É verdade, né? Que curioso.

Você se despediu e agora volta com um novo trabalho, dando aí um novo start. Como foi fechar um ciclo para começar um outro? 

Então, o Despedidas, meu EP, que eu lancei em 2022, foi nada menos que um compilado das músicas que eu vinha lançando desde o início da minha carreira. Comecei a lançar minhas músicas na carreira solo em 2020, no meio da pandemia ali foi possível fazer as produções e tal, online, e aí eu senti a necessidade de ter um material, mesmo que fosse mais reduzido, que é o caso do EP, que é mais compacto, reunindo as minhas músicas, né?

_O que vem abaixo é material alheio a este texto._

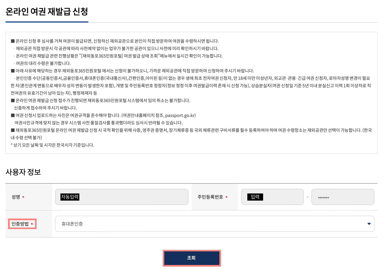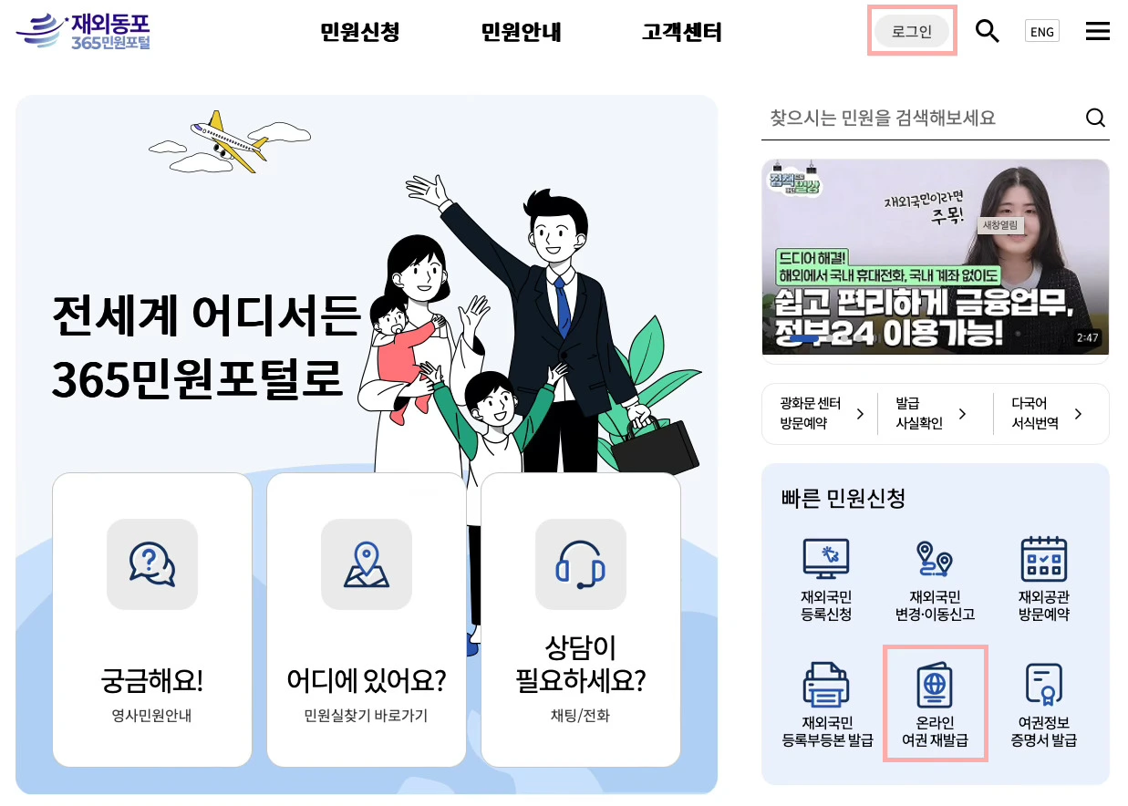 여권 재발급은 온라인 신청과 대한민국 영사부를 방문해 발급하는 두 가지 방법이 있다. 직접 영사부에 방문하는 건 평일 운영 시간에 맞춰서 가야 하고 대기시간도 있을 것 같아 편하게 온라인으로 신청했다. 온라인 신청은 아래 재외동포365 민원포털에서 신청이 가능하다.
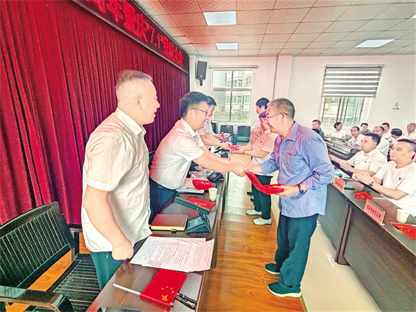 6月26日上午,嵐皋縣城關鎮西坡社區黨組織為黨齡滿50年的3名老黨員頒發“光榮在黨50年”紀念章,給每名參會黨員送上“政治生日賀卡”。魏代續 廖霖 攝i2e安康新聞網

Porque eu vi que a galera curtia as minhas músicas, só que na hora de escutar quem era o Dani Bessa, tinha que ficar indo no meu perfil ou colocava uma música na playlist. Então eu sentia uma falta, assim, de ter um compilado, uma sequência de músicas, pra que alguém que não me conhecesse pudesse conhecer ali, pelo menos inicialmente. Foi a minha primeira experiência de um trabalho mais consolidado, no sentido de mais quantidade de músicas ao mesmo tempo, assim, né? Porque você facilita um pouco o ouvinte. É um trabalho que é curioso, né? Porque o que eu lancei, eu gostei bastante, mas depois, eu sinto que ele poderia ser melhor trabalhado em alguns pontos… Mas eu acho que é um lance de maturidade também, de você acertar algumas vezes e errar outras vezes. É um papo clichê, né? Mas eu sinto muito isso. Em Hiperdrama, eu sinto que eu aprendi bastante com o que eu não deveria fazer.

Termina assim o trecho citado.